“Can anyone point to something contemporary about sexual jealousy that I can contrast with Othello?” a fellow Shakespearean recently asked on social media. “My students this past semester did not understand sexual jealousy, what it is,” she went on. “When I asked the class to describe jealousy in a relationship, one student said, ‘It’s like when your partner has something you want, like the latest iPhone.’” “That,” replied another colleague on the thread, “is weirdly awesome.”
Sexual jealousy is an emotion that was once thought to be so universal, such a commonplace experience of a person in love, that no one would think it needed explaining. A theater review of Othello from an anonymous critic in 1819 reads, “Othello is a faithful portrait of the life with which we are daily and hourly conversant; love and jealousy are passions which all men, with few exceptions, have at some time felt; the imitation of them, therefore, finds an immediate sympathy in every mind; Othello has no feelings that we should not ourselves have in his situation.”11xMichael Neill, “Introduction,” Othello, ed. Michael Neill (Oxford, England: Oxford University Press, 2006), 7. See the prefatory “Remarks” in Othello “As it is performed at the Theatre Royal” (1819). It seems as though our pre-Victorian reviewer did not anticipate a world in which jealousy within a relationship would evolve into something that could be analogized to consumer rivalry.

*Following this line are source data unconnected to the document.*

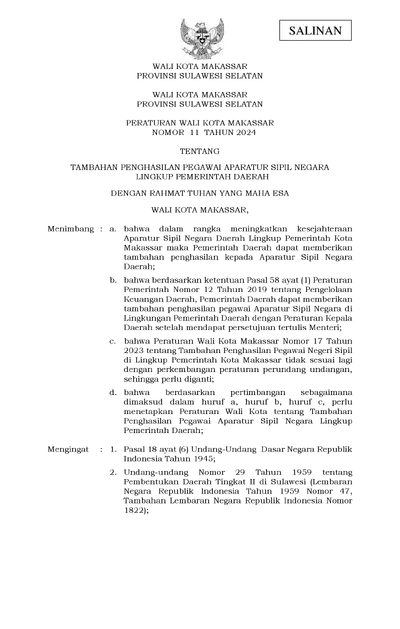 Peraturan Walikota Makassar Nomor 11 Tahun 2024 tentang Tambahan Penghasilan Pegawai Aparatur Sipil Negara Lingkup Pemerintah Daerah
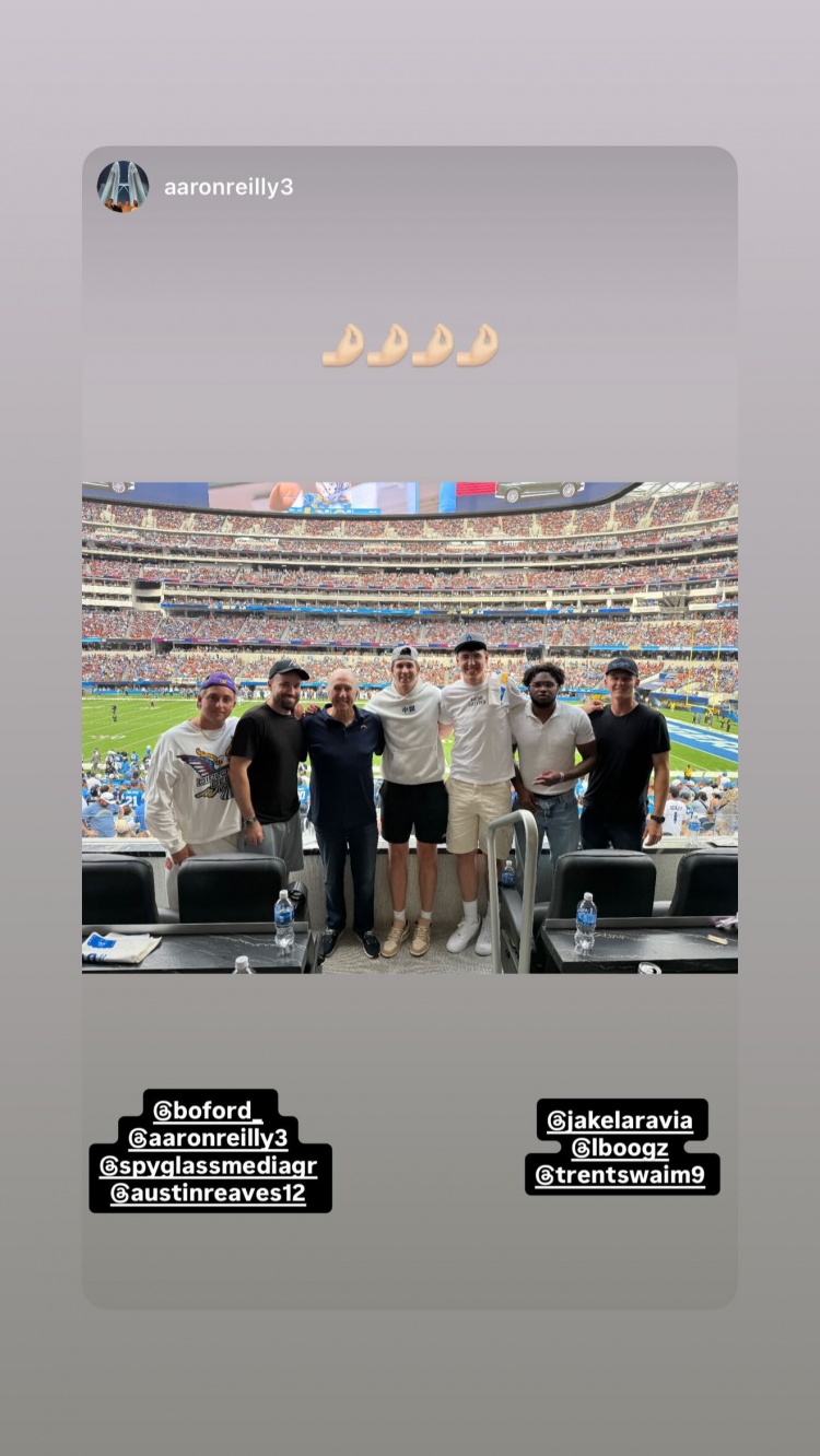拉拉维亚晒出自己和里夫斯等人一起现场看NFL洛杉矶闪电比赛的照片。
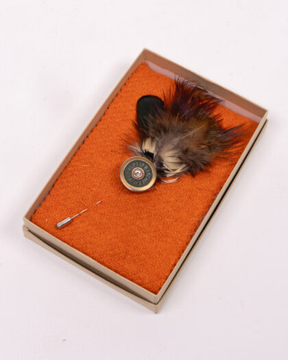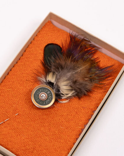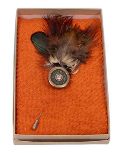 This is a brand new Fine Feathers lapel pin, featuring a unique cartridge design in silver-tone steel. The pin is embellished with brown and green feathers adding a touch of individuality and style. A perfect accessory for jackets or bags, it comes in a box making it ideal for gifting. An unusual gift idea.

Yet it’s possible I am being needlessly snide about these students, who may, after all, simply be too young and innocent to know the fervor of sexual love and the all-consuming desire for another person, to have them and possess them. In that case, it is the response of the adult colleague who thought the lack of sexual jealousy, to the point that students couldn’t even conceive of it, to be “weirdly awesome” that should trouble us most. Jealousy is an ugly emotion. So one can see the appeal. He seemed to be applauding a kind of sexual egalitarianism in which sexual partners might circulate in common, each for her or his own pleasure, without any feelings of exclusivity, possessiveness, or proprietorial concern.
But this “weirdly awesome” sexual commons seems also to be one bereft of emotional investment, void of the existential risk involved with loving madly and recklessly, and evacuated of the all-consuming passion of erotic love. Rather than share in the applause for these students who were being celebrated for their weirdly awesome triumph over sexual jealousy, I felt a great sadness for them. Sexual jealousy in Othello, continues the nineteenth-century theater critic, “‘resembles a thunderstorm, which awes by its magnificence of terror; in fact it is grand beyond loveliness.’”22xIbid., 8. It strikes me as a great loss that students today do not share in the great sublimity of their own humanity. But that they cannot even imagine what it is makes my blood run cold, because it seems that theirs does, and they are commended for it.